Quick introduction to Pandas

This tutorial will serve as a quick introduction to Pandas for handling CSV data.
CSV data is the most common format for storing and distributing structured data.
Many Machine Learning datasets are distributed as CSV datafiles.
After going through this tutorial, you will able to handle CSV files as input for your neural networks.

Panda

Install Pandas

1
pip install pandas

Reading a CSV with Pandas

1
2
3
4
import pandas as pd
df = pd.read_csv('heart.csv')

print(df)

The read_csv() function helps us to read the CSV data from a file and into a DataFrame in our program.
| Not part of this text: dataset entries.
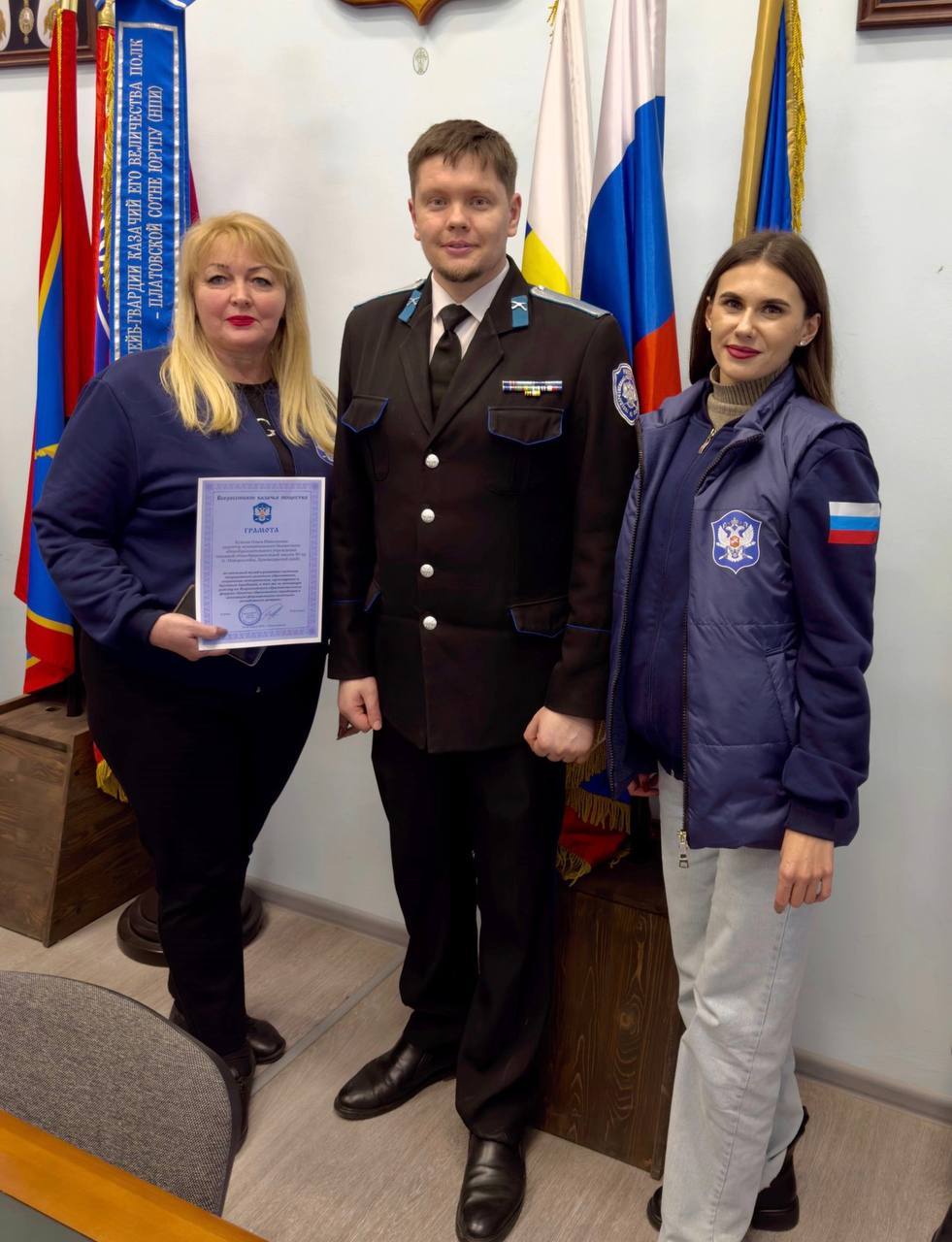 Его участниками стали представители Черноморского казачьего округа: помощник атамана по вопросам работы с молодежью Татьяна Тарасова, первый заместитель атамана, старший воспитатель, педагог дополнительного образования Новороссийского казачьего кадетского корпуса Александр Дуда, директор МБОУ ООШ № 25 города-героя Новороссийск Ольга Кумпан, классный руководитель, педагог дополнительного образования, руководитель музея Новороссийского казачьего кадетского корпуса Наталья Малич.
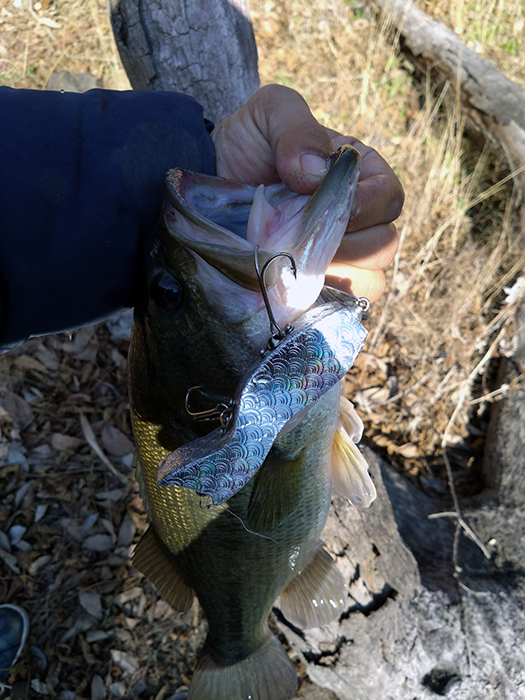 仕事終わりに雨パワー有るなと思い野池へ。シャローとディープが隣接するポイントにオーガストキャストし、一回アクション、ステイ、2回アクションでバイト!凄い引きするナイスバス、最高でした。
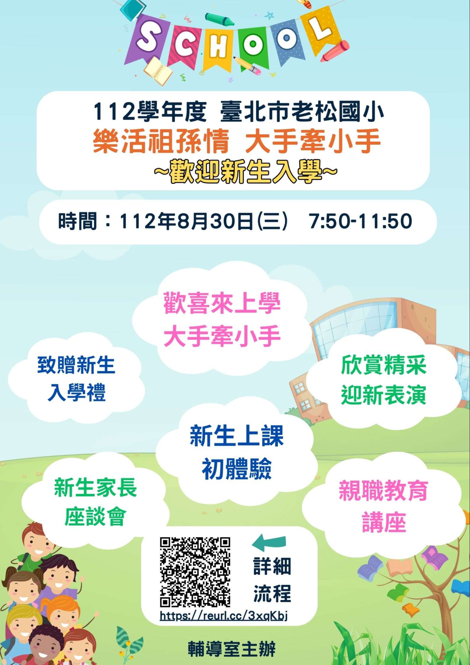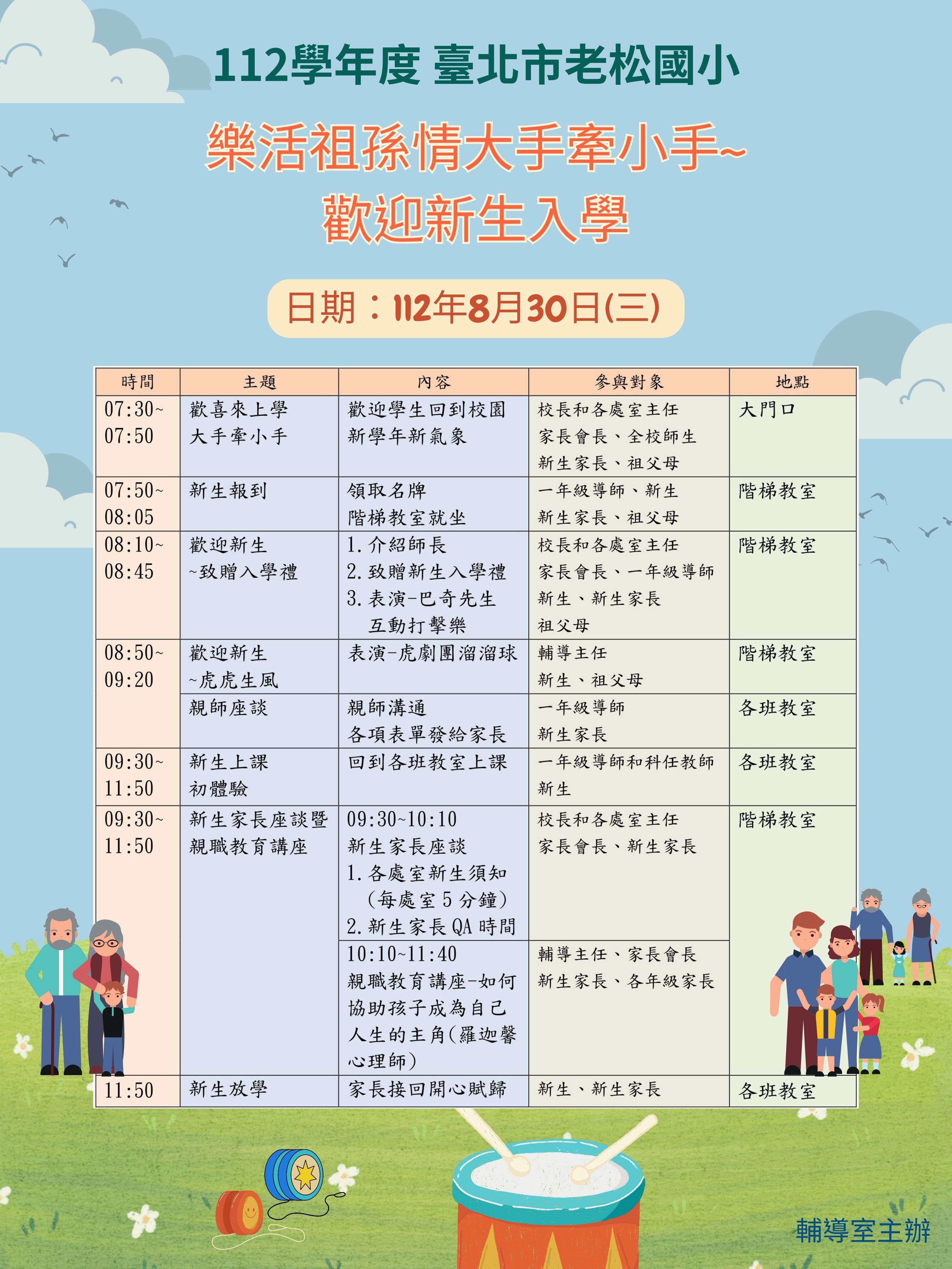 8/30(三)開學日,歡迎一年級新生入學,加入老松大家庭。當天上午7:50請一年級新生家長直接將小朋友帶到階梯教室報到,參加豐富精采的歡迎活動。歡迎祖父母陪著寶貝孫子來上學,大手牽小手!

Printing first few rows of a Dataframe

1
print(df.head())

The head() command returns the first 5 rows of the DataFrame.

Selecting a single column

1
age_column = df['age']

If the name of our column is “age”, we can select that column in the above way.

Selecting certain rows and certain columns

1
age_and_sex = df.iloc[0:10, 0:2]

If we want to select only the first 10 rows and the first 2 columns, we can do it with the iloc command. The slicing values are separated by a comma (first the row slicing, and then the column slicing).

Getting only the unique values in a column

1
cp_values = df['cp'].unique()

After selecting a column, if we apply the unique() command, then only the unique values are returned (without repetition).

Replacing string values with integer values

1
2
mapping = {'male': 0, 'female': 1}
df = df.replace(mapping)

The replace() function replaces the values in the DataFrame according to the mapping.

Converting to numpy array

1
age_and_sex = age_and_sex.to_numpy()

The to_numpy() command converts the DataFrame to a Numpy Array. We can use this Numpy array as input to out Neural Network.

Shuffling the rows

1
df = df.sample(frac=1)

The sample() method returns some rows from the DataFrame in a random order. If frac = 0.5, then half the rows are returned in a random order. If frac = 1, all the rows are returned in a random order.